The image display device may include a light source including a semiconductor light emitting device and a display panel including an optical shutter such as a liquid crystal panel that receives light from the light source. When the image display device displays a color image, the semiconductor light emitting device of the present invention may be used in combination with a color filter. Moreover, when using the semiconductor light-emitting device of this invention as a light source of an illuminating device or an image display apparatus, a semiconductor light-emitting device may be used independently and you may use it combining several semiconductor light-emitting devices.

  EXAMPLES Hereinafter, although this invention is demonstrated in detail using an Example, this invention is not limited to a following example, unless it deviates from the summary.

[Synthesis Example 1] (Manufacture of sealing member)
Momentive Performance Materials Japan G.K. both ends silanol dimethyl silicone oil XC96-723 385g, methyltrimethoxysilane 10.28g, and zirconium tetraacetylacetonate powder 0.791g as a catalyst, The solution was weighed in a 500 ml three-necked Kolben equipped with a fractionating tube, a Dimroth condenser and a Liebig condenser, and stirred at room temperature for 15 minutes until the coarse particles of the catalyst were dissolved. Thereafter, the temperature of the reaction solution was raised to 100 ° C. to completely dissolve the catalyst, and initial hydrolysis was performed while stirring at 500 rpm for 30 minutes at 100 ° C. under total reflux.

Subsequently, the distillate was connected to the Liebig condenser side, nitrogen was blown into the liquid with SV20, and methanol, water, and low-boiling silicon components of by-products were distilled off with nitrogen accompanying at 100 ° C. and 500 rpm for 1 hour. Stir. While nitrogen was blown into the liquid with SV20, the polymerization reaction was continued for 5.5 hours while the temperature was further raised and maintained at 130 ° C. to obtain a reaction liquid having a viscosity of 120 mPa · s. Here, “SV” is an abbreviation for “Space Velocity” and refers to the volume of blown volume per unit time. Therefore, SV20 refers to blowing N ₂ in a volume 20 times that of the reaction solution in one hour.

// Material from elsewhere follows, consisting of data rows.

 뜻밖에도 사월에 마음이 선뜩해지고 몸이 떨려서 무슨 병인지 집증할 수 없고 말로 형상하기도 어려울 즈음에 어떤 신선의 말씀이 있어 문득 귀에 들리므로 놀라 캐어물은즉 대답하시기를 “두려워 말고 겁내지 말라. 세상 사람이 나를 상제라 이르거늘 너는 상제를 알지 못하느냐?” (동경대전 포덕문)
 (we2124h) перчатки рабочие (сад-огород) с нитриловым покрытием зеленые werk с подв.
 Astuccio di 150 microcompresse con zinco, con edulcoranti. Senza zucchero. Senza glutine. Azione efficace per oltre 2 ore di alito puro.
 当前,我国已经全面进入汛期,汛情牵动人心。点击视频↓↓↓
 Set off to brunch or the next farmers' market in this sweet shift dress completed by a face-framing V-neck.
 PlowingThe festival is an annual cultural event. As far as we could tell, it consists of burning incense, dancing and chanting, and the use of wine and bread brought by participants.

  Nitrogen blowing was stopped and the reaction solution was once cooled to room temperature, then transferred to an eggplant-shaped flask, and methanol and moisture remaining in a trace amount at 120 ° C. and 1 kPa for 30 minutes on an oil bath using a rotary evaporator. The low boiling silicon component was distilled off to obtain a solvent-free sealing member (semiconductor device member forming liquid) having a viscosity of 200 mPa · s.

<Examples and Comparative Examples>
<1-1. Fabrication of semiconductor light emitting device>
As a semiconductor light emitting device (hereinafter referred to as a chip), a plurality of GaN-based light emitting diodes (LEDs) having a peak wavelength of 405 nm, a half width of 30 nm, and a size of 350 μm × 350 μm and having a light emitting layer formed on a sapphire substrate Using. More specifically, ten flip chip type GaN-based light emitting elements having a light emission wavelength of 405 nm are flip-bond mounted with gold bumps on a gold-plated electrode on the bottom surface of a surface-mount type alumina package having a diameter of 8 mm, and the first light emission A device was made.
A second semiconductor light-emitting device is manufactured in the same manner except that a surface-mount type alumina package (same material as the first light-emitting device package) having a diameter of 6 mm is used and the number of semiconductor light-emitting elements is three. did.

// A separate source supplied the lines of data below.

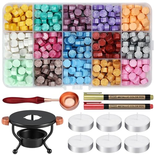 310Pcs Wax Seal Kit, WEWINK PLUS Sealing Wax Beads Set with Warmer, Melting Spoon, 6Pcs Candles,2Pcs Metallic Pens for Vintage Envelopes Letters Crafts, Decoration, 15 Colors
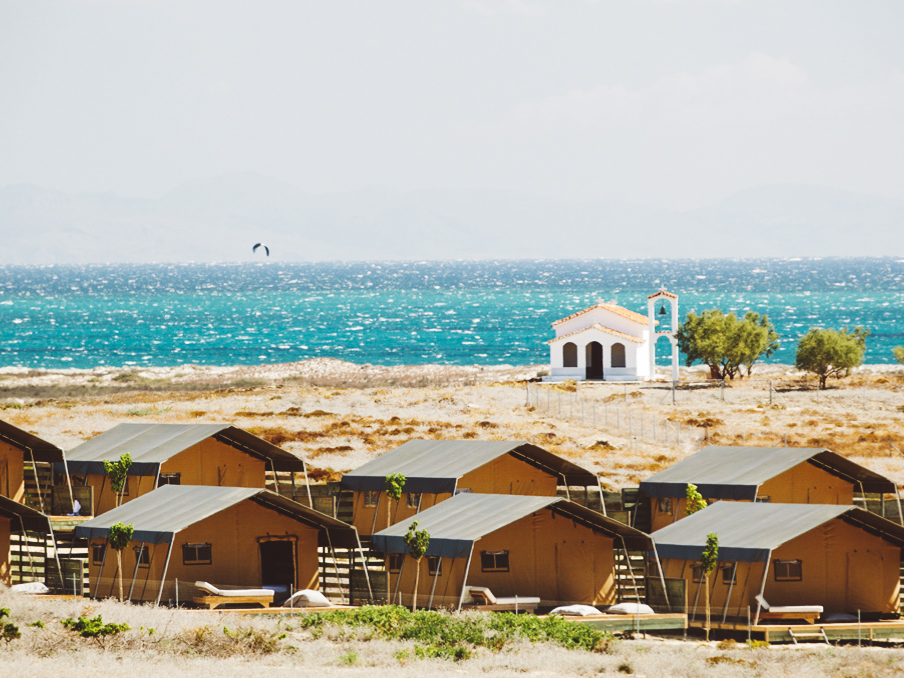 Keros Beach in Limnos is known most for its dependable kite surfing, wind surfing and surf camp. Surf Club Keros offers apartment-style stays that are great if you’re looking for something a little more polished than their beachside glamping setup.
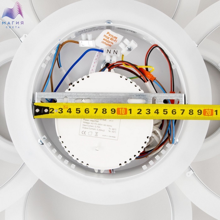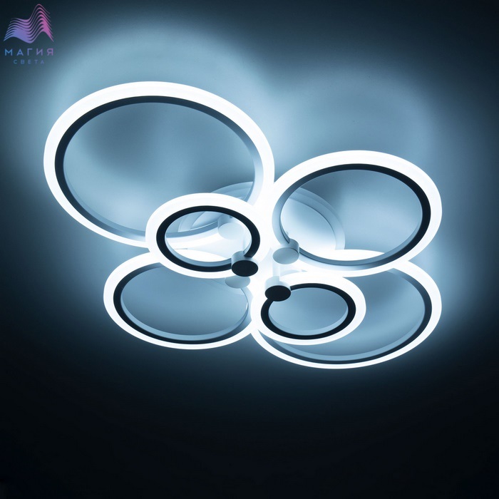 Люстра Citilux Сента CL237B160E. Корпус - металл, цвет - белый. Светильником можно управлять с помощью пульта ДУ и настенным выключателем. Регулировка яркости (от 100% до 10%) и цвета свечения (3000-5500К). 2 режима цветной RGB подсветки основания. 4 кнопки памяти. 4 выделенных канала, к которым можно привязать неограниченное количество светильников. Опционально: при установке смарт-модуля Citilux CLR1M (не входит в комплект, приобретается отдельно) светильник становится УМНЫМ (управляется из приложения Citilux Smart со смартфона или планшета, а также с помощью голосовых помощников Алиса от Яндекс и Маруся от mail.ru).
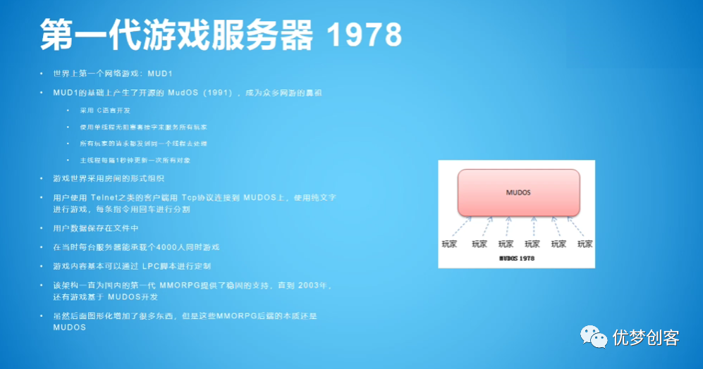 MUD1是由1978年英国某著名财经学校的学生编写的,并在1980年时将MUD1接入到了一个类似于现在的internet的网络里
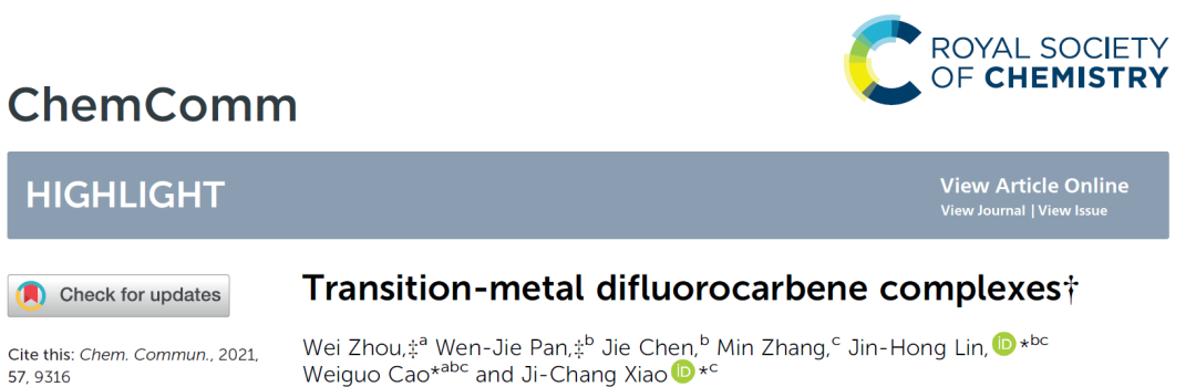 [1]Zhou Wei et al. Transition-metal difluorocarbene complexes.[J]. Chemical communications (Cambridge, England), 2021, 57(74) : 9316-9329.

<1-2. Preparation of phosphor-containing layer forming solution>
After using the sealing member synthesized in Synthesis Example 1 described above and mixing the thixotropic agent and phosphor shown in Table 6 with the sealing member, the stirring deaerator “Awatake Rentaro ARV-200” manufactured by Shinky Corp. Mixing was performed to obtain a phosphor-containing layer forming solution.

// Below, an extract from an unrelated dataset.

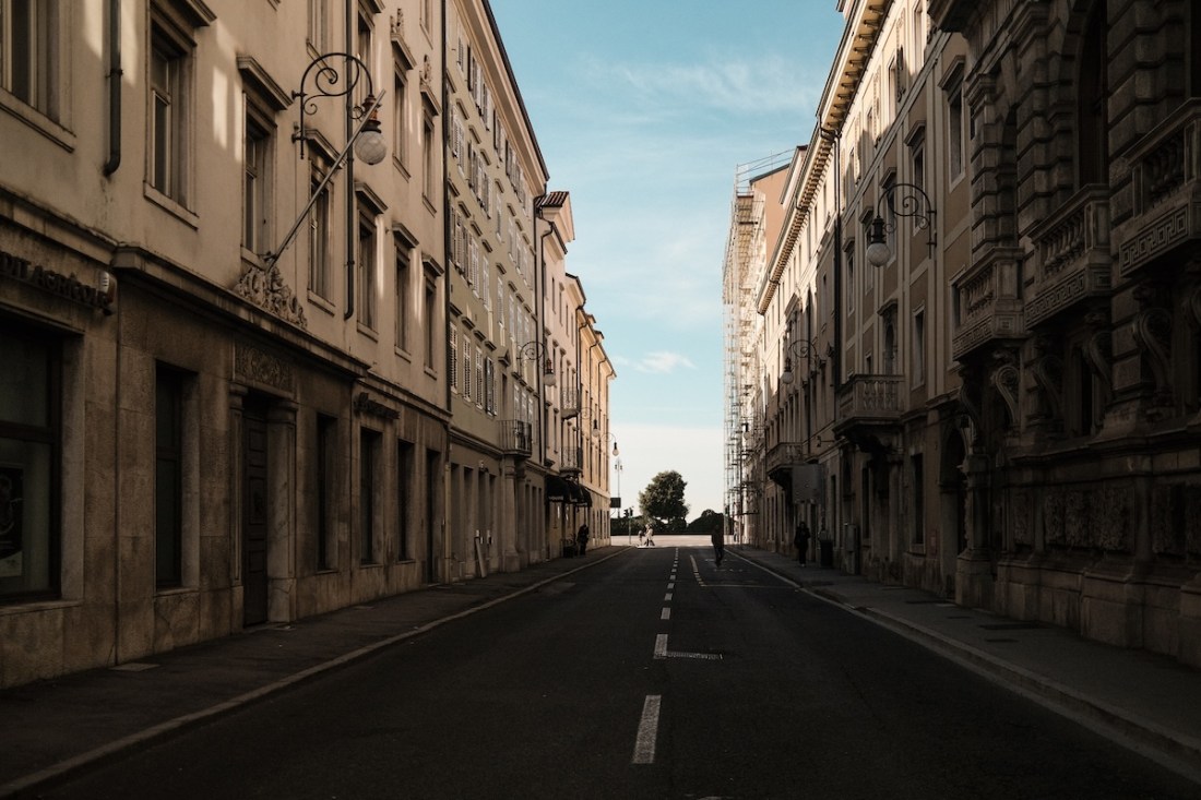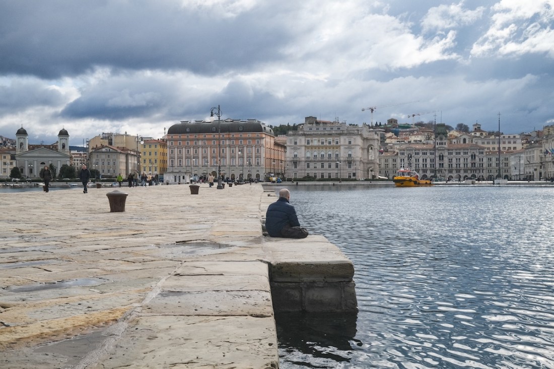 In meiner Vorstellung gibt es Winter-und es gibt Sommerstädte. Athen ist für mich eine Sommerstadt. Das Licht bringt das beige-graue Betonmeer zum Leuchten. Venedig ist eine Winterstadt. Blaugraues Schwanken der kleinen Boote, ab und an das Hallen von Schritten in engen Gassen. Alles ist feucht und kühl, nicht kalt. Wenn ich dort friere, kommt die Kälte von Innen. In Triest war ich vor dieser Reise noch nie. Aber ich wollte lange schon dort hin, am liebsten im Winter. Es gibt Spuren von Texten, die hängen geblieben sind. Die norditalienischen Städte am Meer sind Winterstädte für mich. Nebel und feiner Nieselregen verwischen die Kontraste. Zeichnen sie weich. Italo Svevo lebte hier und schrieb seinen Roman Zeno Cosini. In meiner Vorstellung geht er an der Seite von James Joyce spazieren. Vielleicht entlang des Canale Grande, den es auch hier gibt, allerdings in einer amputierten Version. Ich sehe die beiden in ihren abgetragenen Anzügen von hinten den Kanal entlang schlendern. Svevo hält einen schwarz gelackten Spazierstock in der rechten Hand. Beide tragen Lederhandschuhe. Joyce lebte eine Zeit lang hier und schrieb an seinem Ulysses. Vielleicht gibt es Spuren von Triest im Dublin seines Helden Leopold Bloom. Nicht nur große Literatur ist eine fortlaufende Überschreibung der Wahrnehmungen und des Denkens mit bereits Erlebtem und Gesehenen. Oder Gelesenem. Ich laufe durch Triest und denke an Autoren, die einst hier lebten. So wird die Stadt mehr zu einer Kulisse als zu einem realen Ort. Das Fotografieren holt mich immer wieder da raus, bringt mich zurück ins Leben. In die gegenwärtige Stadt. Jetzt, da ich die Aufnahmen gesichtet und editiert habe, und einen Text dazu formuliert, der mindestens so sehr das Ergebnis meiner aktuellen Stimmung wie meiner Erinnerungen an die Reise ist, wird es bald schon so sein, dass dieser Text, diese Auswahl an Fotos meine Erinnerungen überschreiben werden.

<1-3. Preparation of coating solution for forming light diffusive reflective material-containing layer>
Alumina fine particles (AO-502 manufactured by Admatechs Co., Ltd.) having a particle size of 0.7 μm were mixed with the sealing member synthesized in Synthesis Example 1 so as to have the following concentration, and then stirred and deaerated by “Sinky Corporation” The mixture was mixed with “Rentaro ARV-200” to obtain a white light-diffusing reflector-containing layer forming coating solution.
In addition, as described below, the concentration of the alumina fine particles in the coating solution for forming the light diffusing / reflecting material-containing layer was changed to 0 wt%, 10 wt%, 30 wt%, and 50 wt%, and the first light emitting device was used. Thus, four types of light emitting devices having different alumina fine particle contents in the light diffusing and reflecting material containing layer were produced.
<Alumina fine particle content>
Example 1 50% by weight
Example 2 30% by weight
Comparative Example 1 10% by weight
Comparative Example 2 0% by weight

<1-4. Filling with coating solution for forming light diffusive reflective material-containing layer>
In both the first and second semiconductor light emitting devices, there was a gap of about 20 μm between the GaN-based semiconductor light emitting element and the bottom surface (substrate) of the alumina package. Using a dispenser for the first light-emitting device, about 0.04 mg of a coating solution for forming a light diffusing reflector containing layer per chip was dispensed in the vicinity of the chip and filled under the chip (semiconductor light-emitting element) by capillary action. At this time, the coating liquid for forming the light diffusing reflector containing layer does not adhere to the surface of the semiconductor light emitting element, and the adhesion to the side surface of the light emitting layer is negligible. It was in a position.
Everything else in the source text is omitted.